▶ [WHAT TO DO]
Leave every picture out. Set down all the lines below exactly.

Extracted records:
********

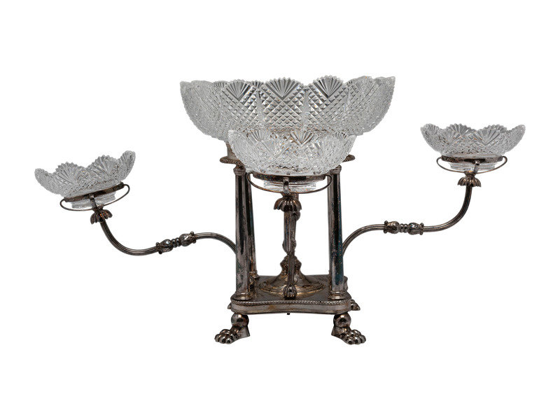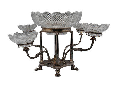 A Sheffield Plate and Cut Glass Epergne
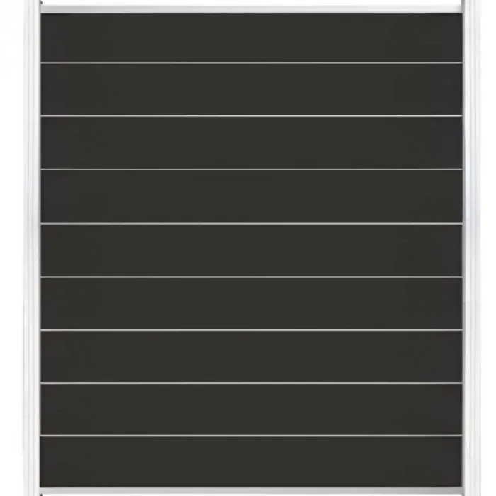 C-Wood zelfbouw schutting composiet Modular antraciet met wit aluminium accessoires. Geschikt om een scherm te maken van 200 cm hoog en maximaal 180 cm breed. De breedte is eenvoudig in te korten. De netto hoogte van het scherm is enkele centimeters lager dan de opgegeven 200 cm.
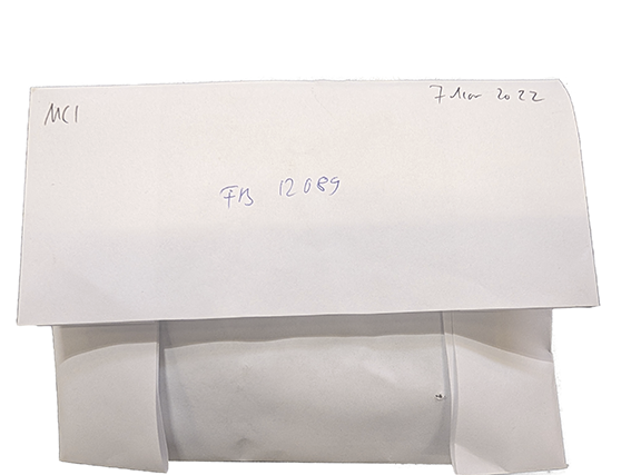 Specimen envelope for flat storage: folded with the side-flaps backwards.
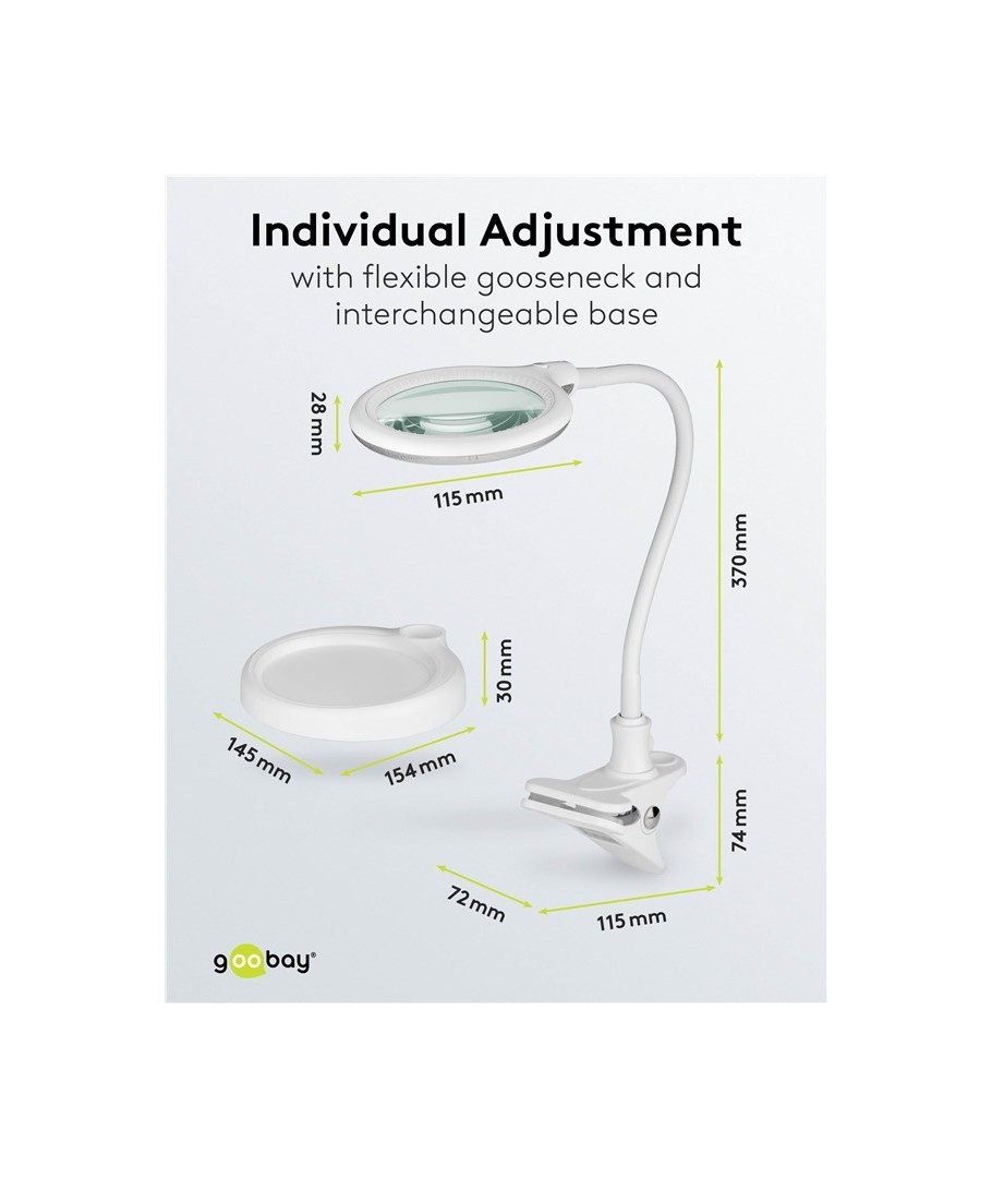 Förstoringslampan är utrustad med en svanhals som ger maximal flexibilitet, vilket gör det enkelt att justera lampans position för optimal ljusinställning. Tack vare den höga ljuskvaliteten speglas färger på ett naturligt och vackert sätt, vilket är perfekt för uppgifter som kräver precision och noggrannhet.
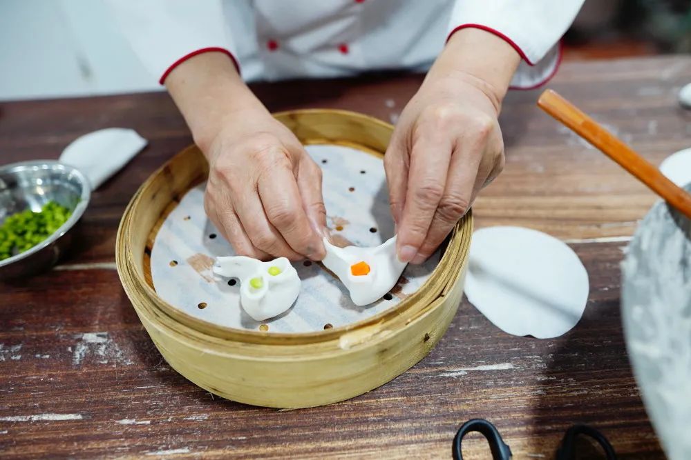 任工业化如何发达,不管多少款点心可付诸工业生产,唯独虾饺是不行的。玄妙就在于饺身的褶皱上。若是能达到13道褶纹,堪称精湛。
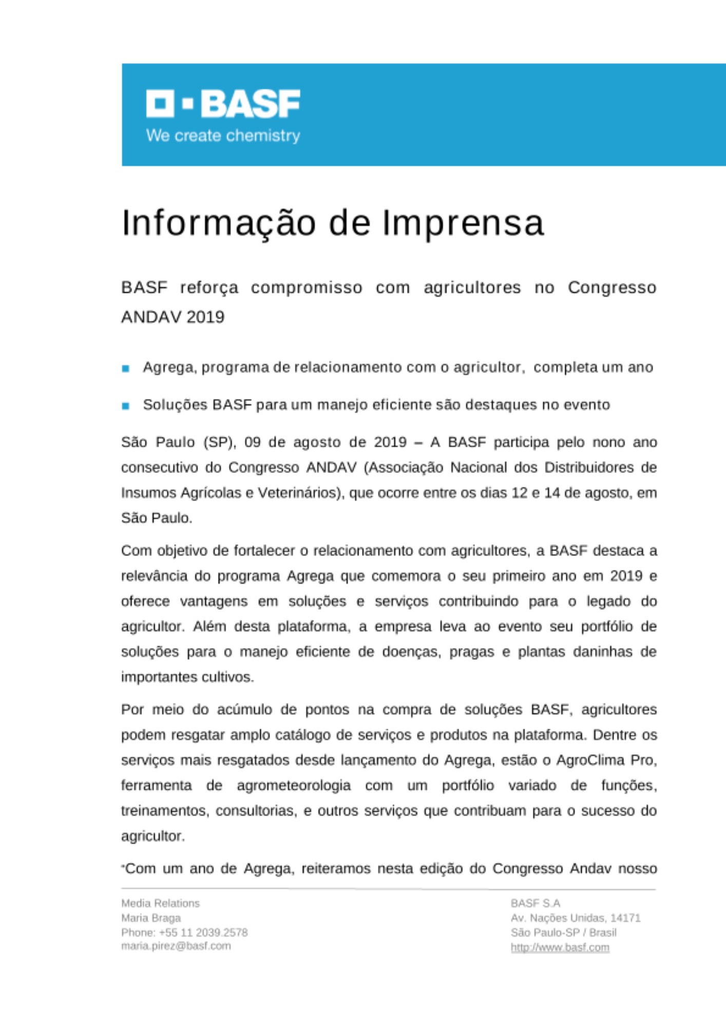 “Com um ano de Agrega, reiteramos nesta edição do Congresso Andav nosso compromisso em oferecer soluções adequadas às necessidades dos diferentes perfis de agricultores, contribuindo cada vez mais para a produtividade e longevidade de seus negócios.” comenta Mario Lavacca, gerente sênior de Acesso ao Mercado e Gestão de Clientes da BASF.

********

▶ [ANSWER SECTION]
 A Sheffield Plate and Cut Glass Epergne
 C-Wood zelfbouw schutting composiet Modular antraciet met wit aluminium accessoires. Geschikt om een scherm te maken van 200 cm hoog en maximaal 180 cm breed. De breedte is eenvoudig in te korten. De netto hoogte van het scherm is enkele centimeters lager dan de opgegeven 200 cm.
 Specimen envelope for flat storage: folded with the side-flaps backwards.
 Förstoringslampan är utrustad med en svanhals som ger maximal flexibilitet, vilket gör det enkelt att justera lampans position för optimal ljusinställning. Tack vare den höga ljuskvaliteten speglas färger på ett naturligt och vackert sätt, vilket är perfekt för uppgifter som kräver precision och noggrannhet.
 任工业化如何发达,不管多少款点心可付诸工业生产,唯独虾饺是不行的。玄妙就在于饺身的褶皱上。若是能达到13道褶纹,堪称精湛。
 “Com um ano de Agrega, reiteramos nesta edição do Congresso Andav nosso compromisso em oferecer soluções adequadas às necessidades dos diferentes perfis de agricultores, contribuindo cada vez mais para a produtividade e longevidade de seus negócios.” comenta Mario Lavacca, gerente sênior de Acesso ao Mercado e Gestão de Clientes da BASF.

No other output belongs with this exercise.